WORK INSTRUCTION
This exercise calls for an exact copy of the listing, with no pictures kept.

GIVEN DATA
◆ ◆ ◆ ◆ ◆ ◆ ◆

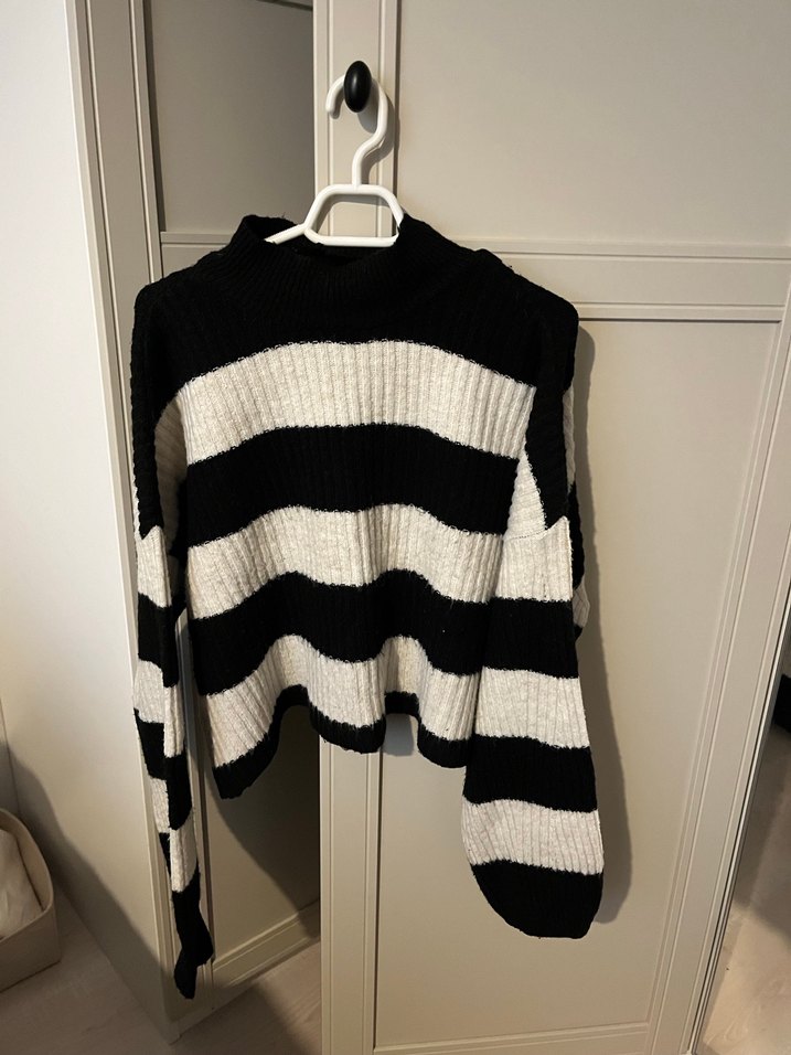 Kadın Siyah-Beyaz Çizgili Triko Kazak
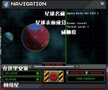 做到船长席上之后就可以指定飞行计划了。左下角的作用就是给某个星球做记号。回母星的选项一样费燃料。go上面显示了你的燃料情况。右侧是坐标以及随机选择其他星系。注意哦~宇宙不是随机生成的,而是固定不变的。别的玩家玩到的星球你可以通过获得其坐标去寻找哦~
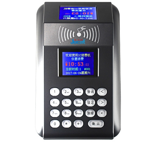 6、消費機有兩個顯示面,一面顯示處面向就餐者,帶操作鍵盤及顯示處面向收銀員。
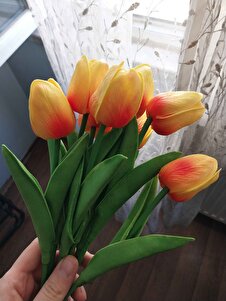 Yapay 8li Islak Lale Buketi Gerçek Doku Alev Turuncu Yapay 8li Islak Lale Buketi Gerçek Doku Alev Turuncu YPCCK-F-06 تک سایز
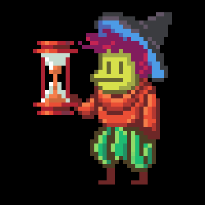 Chronomancer Peppy of the Obelisk is a whimsical frog mage, his bright green skin standing out against the rich colors of his attire. A wide-brimmed wizard’s hat, dark with a vivid blue trim, perches jauntily atop a head crowned with wild tufts of magenta hair. His face is simple yet expressive, with square eyes and a serene smile that hints at a calm wisdom. He wears a flowing red-orange cloak draped over his shoulders, its folds enveloping him in warmth, while below, his green-and-teal striped trousers puff out like the garb of a court jester, adding a playful flair to his magical presence. In his hand, he carries a tall red hourglass filled with trickling sand, glowing faintly with the suggestion of enchanted timekeeping. Both curious and timeless, this frog mage seems less like a warrior and more like a sage who measures destinies, guiding others with patience and the quiet tick of passing moments. --no text --ar 3:4 --style raw --v 7 --p k1z41yf
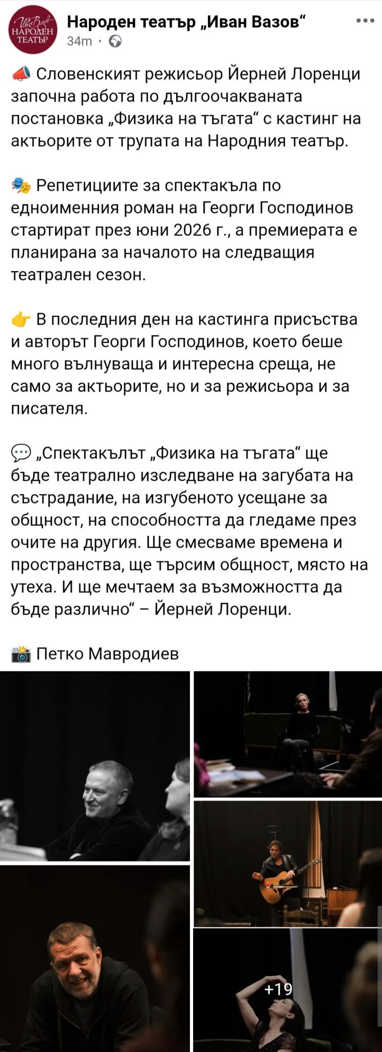 Аз пък много харесвам Орфей и не споделям вашето мнение. Напротив мисля, че ще е много интересно как ще постави Физика на тъгата Лоренци!

◆ ◆ ◆ ◆ ◆ ◆ ◆

SOLUTION TO THIS TASK
 Kadın Siyah-Beyaz Çizgili Triko Kazak
 做到船长席上之后就可以指定飞行计划了。左下角的作用就是给某个星球做记号。回母星的选项一样费燃料。go上面显示了你的燃料情况。右侧是坐标以及随机选择其他星系。注意哦~宇宙不是随机生成的,而是固定不变的。别的玩家玩到的星球你可以通过获得其坐标去寻找哦~
 6、消費機有兩個顯示面,一面顯示處面向就餐者,帶操作鍵盤及顯示處面向收銀員。
 Yapay 8li Islak Lale Buketi Gerçek Doku Alev Turuncu Yapay 8li Islak Lale Buketi Gerçek Doku Alev Turuncu YPCCK-F-06 تک سایز
 Chronomancer Peppy of the Obelisk is a whimsical frog mage, his bright green skin standing out against the rich colors of his attire. A wide-brimmed wizard’s hat, dark with a vivid blue trim, perches jauntily atop a head crowned with wild tufts of magenta hair. His face is simple yet expressive, with square eyes and a serene smile that hints at a calm wisdom. He wears a flowing red-orange cloak draped over his shoulders, its folds enveloping him in warmth, while below, his green-and-teal striped trousers puff out like the garb of a court jester, adding a playful flair to his magical presence. In his hand, he carries a tall red hourglass filled with trickling sand, glowing faintly with the suggestion of enchanted timekeeping. Both curious and timeless, this frog mage seems less like a warrior and more like a sage who measures destinies, guiding others with patience and the quiet tick of passing moments. --no text --ar 3:4 --style raw --v 7 --p k1z41yf
 Аз пък много харесвам Орфей и не споделям вашето мнение. Напротив мисля, че ще е много интересно как ще постави Физика на тъгата Лоренци!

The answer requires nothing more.